Total vehicle sales fell 26 percent to 1.39 million units last month, according to CAAM. Sport-utility vehicle sales declined 12 percent to 126,300 units, while minivans -- used to ferry goods and people -- slid 24 percent to 200,300 units. Commercial vehicles, a category that includes buses and trucks, tumbled 37 percent to 229,200 units.

“The January numbers aren’t pretty, but they’re still normal” because of the fewer working days, Dong Yang, deputy head of CAAM, said at a briefing in Beijing yesterday. “We haven’t yet spotted anything special or abnormal.”

GM Drops

Some analysts agreed with Yang in saying that concerns over the January figures may be premature.

“Demand is still there and consumers in the smaller, less developed cities will still have a growing need for cars,” said Chen Liang, an analyst with Huatai Securities Co. in Nanjing. “These numbers don’t change my outlook for the year.”

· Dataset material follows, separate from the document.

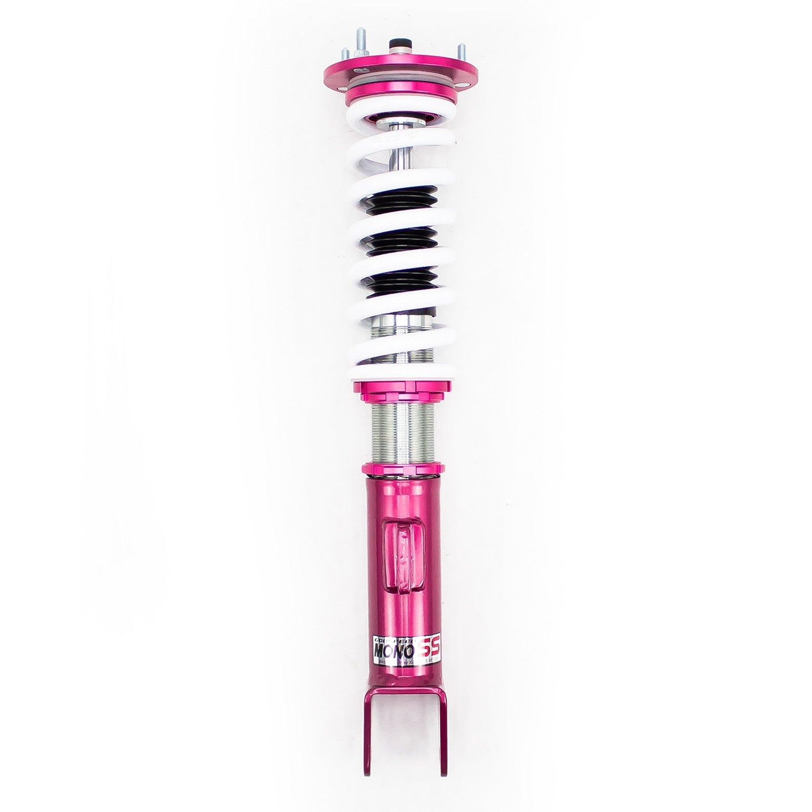 GodSpeed MonoSS coilovers are great entry level single adjustable coilovers. GodSpeed starts with a race coilover and tones it down for the street to give you an extremely capable coilover that you can comfortably use every day. GodSpeed uses some of the best and most exotic components on the market such as a carbon seamless steel 52mm tube with a high performance internal shock piston that provides fast and precise damper response. GodSpeed coilover springs are cold-bent from high strength SAE9252 steel to be comfortable and high performance.

GM, the world’s largest automaker, this week reported its first drop in China sales in six months, with deliveries declining 8 percent to 246,654 units. Chevrolet-brand sales fell 20 percent to 54,399 units, while deliveries of Wuling vehicles -- commonly used for transporting both people and merchandise -- dropped 14 percent to 106,573.

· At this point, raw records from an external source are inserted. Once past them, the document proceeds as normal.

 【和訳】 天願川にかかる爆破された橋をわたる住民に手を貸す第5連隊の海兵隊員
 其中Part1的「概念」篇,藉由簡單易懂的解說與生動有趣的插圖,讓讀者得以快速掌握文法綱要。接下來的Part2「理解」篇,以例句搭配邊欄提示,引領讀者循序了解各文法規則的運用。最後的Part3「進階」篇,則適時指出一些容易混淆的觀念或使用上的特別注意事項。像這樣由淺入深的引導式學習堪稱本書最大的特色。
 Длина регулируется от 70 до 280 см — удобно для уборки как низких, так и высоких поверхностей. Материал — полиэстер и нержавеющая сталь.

Ford’s China sales fell 42 percent last month to 30,976 vehicles, the company said.

Luxury carmakers Bayerische Motoren Werke AG and Volkswagen AG’s Audi posted higher sales, bucking the industrywide decline.

Luxury-Car Sales

BMW sales in China rose about 30 percent to 25,000 vehicles, said Mathias Schmidt, a spokesman for the Munich-based company, citing preliminary figures. Audi deliveries gained 23 percent to 27,206 vehicles, the company said in a statement.

“Prior to the Chinese New Year, Chinese consumers who are looking to enhance their prestige and status symbol have chosen high-end luxury brands,” Namrita Chow, Shanghai-based analyst at IHS Automotive said.

China’s Passenger Car Association, which competes with CAAM in providing automotive statistics, said this week it expects sales to rise 30 percent in February after falling 16.5 percent last month because of the holiday distortion.

“Car demand is stable,” said Great Wall’s Ran. “There’s no indication of any changes on that front.”